**DATA TO EXAMINE**
◇ ◇ ◇

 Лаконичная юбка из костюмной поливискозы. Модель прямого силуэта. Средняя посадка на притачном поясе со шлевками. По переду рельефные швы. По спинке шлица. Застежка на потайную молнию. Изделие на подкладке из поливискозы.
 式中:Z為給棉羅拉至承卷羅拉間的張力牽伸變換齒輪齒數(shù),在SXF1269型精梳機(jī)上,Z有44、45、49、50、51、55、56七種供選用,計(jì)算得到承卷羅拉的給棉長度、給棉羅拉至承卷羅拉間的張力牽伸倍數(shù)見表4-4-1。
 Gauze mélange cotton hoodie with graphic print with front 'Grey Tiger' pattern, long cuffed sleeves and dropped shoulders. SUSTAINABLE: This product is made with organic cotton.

◇ ◇ ◇

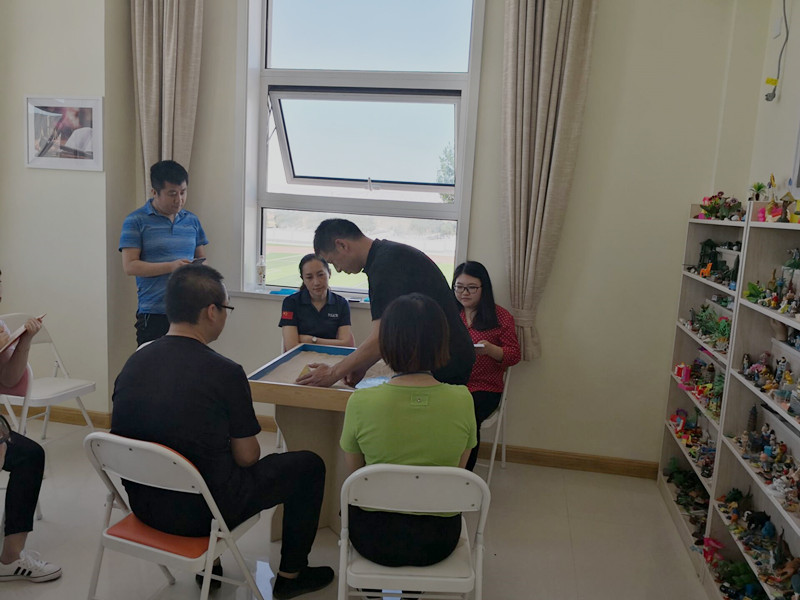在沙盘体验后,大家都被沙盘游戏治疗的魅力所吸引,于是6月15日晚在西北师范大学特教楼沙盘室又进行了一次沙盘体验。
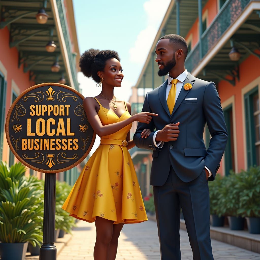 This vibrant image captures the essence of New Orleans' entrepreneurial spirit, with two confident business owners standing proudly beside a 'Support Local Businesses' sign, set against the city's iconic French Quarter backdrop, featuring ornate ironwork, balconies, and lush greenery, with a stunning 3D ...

◇ ◇ ◇

With the pictures omitted, copy exactly the lines of the listing above starting at the line containing "在沙盘体验后,大家都被沙盘游" and ending at the line containing "This vibrant image", both included.

在沙盘体验后,大家都被沙盘游戏治疗的魅力所吸引,于是6月15日晚在西北师范大学特教楼沙盘室又进行了一次沙盘体验。
 This vibrant image captures the essence of New Orleans' entrepreneurial spirit, with two confident business owners standing proudly beside a 'Support Local Businesses' sign, set against the city's iconic French Quarter backdrop, featuring ornate ironwork, balconies, and lush greenery, with a stunning 3D ...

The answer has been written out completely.